Thomas B. Fordham Institute - Advancing Educational Excellence
Thomas B. Fordham Institute

From the Department of Bad Ideas

Liam Julian Posted by Liam Julian on March 15, 2011 at 2:20 pm

Let kids run their own schools. This is the reduced-to-essence message of author Susan Engel’s contribution to today’s New York Times. She writes about the Independent Project, in which eight high-school students in western Massachusetts designed and operated, from September to January, their own school. There were no grades, of course, only “evaluations,” and the kids created their own curriculum and taught it to each other—basically the blind leading the blind, which, as Jesus once told somebody, isn’t good. At the end of the term, the pupils “embarked on a collective endeavor” that, they all agreed, “had to have social significance.” Of course it did. So they made a film about how they started their teenager-run school and how other teens could start one, too.

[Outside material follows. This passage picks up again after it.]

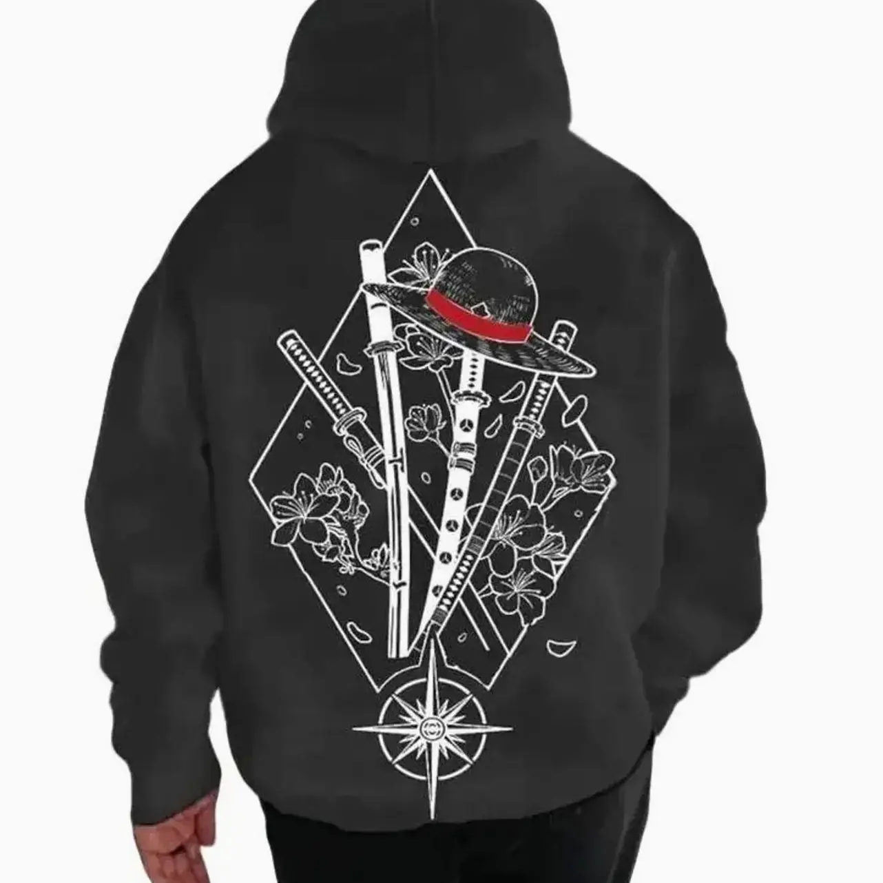 One Piece Manga Hoodie, Minimalist Manga-Inspired Sweatshirt, Iconic Straw Hat Design, Perfect for Anime Enthusiasts, Classic Cotton Menswear Top U 9

Look, high school stinks, its current one-size-fits-all tack idiotic. But it’s foolish—worse, really—to think that because a few kids in Massachusetts who got to read Faulkner to each other for eight weeks had some sort of kumbaya experience schools across the nation should institute student-led classes teaching student-formed curricula. “Schools everywhere could initiate an Independent Project,” Engel writes, because if “the Independent Project students are any indication, participants will end up more accomplished, more engaged and more knowledgeable than they would have been taking regular courses.” Evidence for these claims (besides “more engaged”): lacking.

Liam Julian, Bernard Lee Schwartz Policy Fellow

Filed under: Additional Topics
3 Comments
  1. Karl Wheatley says:

    A three-month experiment isn’t very convincing, but if you look at the broad range of goals parents and employers value for students, education that includes substantial student-initiated learning outperforms traditional education. That doesn’t mean kids have to run the physical plant or plan everything, but a third of the day could easily be student-initiated with teacher support. You’re unlikely to learn how to drive if they never put you behind the wheel, and kids don’t learn how to make good choices and initiate and complete substantive projects if they never get the chance.

    There are schools like the Met that have allowed substantially student-chosen learning, then there’s Sudbury Valley, also in Mass., where every kid actually gets a vote every year on who the staff will be the next year, and students vote on budgetary matters and handle disciplinary matters (and the school is still around after 40+ years). In a former life, I directed a residential arts, sciences, and leadership program where kids got to plan part of the curriculum.

    Our current schools actually have very low expectations for teens, because all we expect of them is to memorize and regurgitate more, when they need to be stepping up to the plate and learning how to help run something real and take on big challenges.

    There’s an interesting motivation dynamic here: If you believe kids will always take the easy way out and so they need to be controlled and told what to do and learn what’s on Friday’s test, kids in fact play it safe and don’t take on challenges. If you have faith in kids’ motivation and create a psychologically safe environment, provide choices and autonomy support, kids in fact take on challenging tasks that pull their learning and development forward.

    Also, once you give kids meaningful choices, learning and management all become much easier.

    The real question is which self-fulfilling prophecy do we choose to implement? Which is more likely to create mature, creative, self-directed adults?

  2. KG14 says:

    Perhaps this is not THE solution to our dysfunctional education system, but hey, its a start! Where are your suggests of a better way to address our schools? Why is it that high school has to stinks?
    Perhaps it is because, as John Dewey stated, “Children who know how to think for themselves spoil the harmony of the collective society which is coming where everyone is interdependent.” Our schools are simply not designed to create thinkers or amass the creative power of our children. They are set into place to prepare workers for their “rightful place.” They are failing to do even that. Something must be done to preserve our nation. Social programs funded by a non-taxpaying, non-functioning, ill-prepared workforce cannot sustain this nation.
    I would like to see more programs such as these in order to explore how to motive kids to think and engage in their work.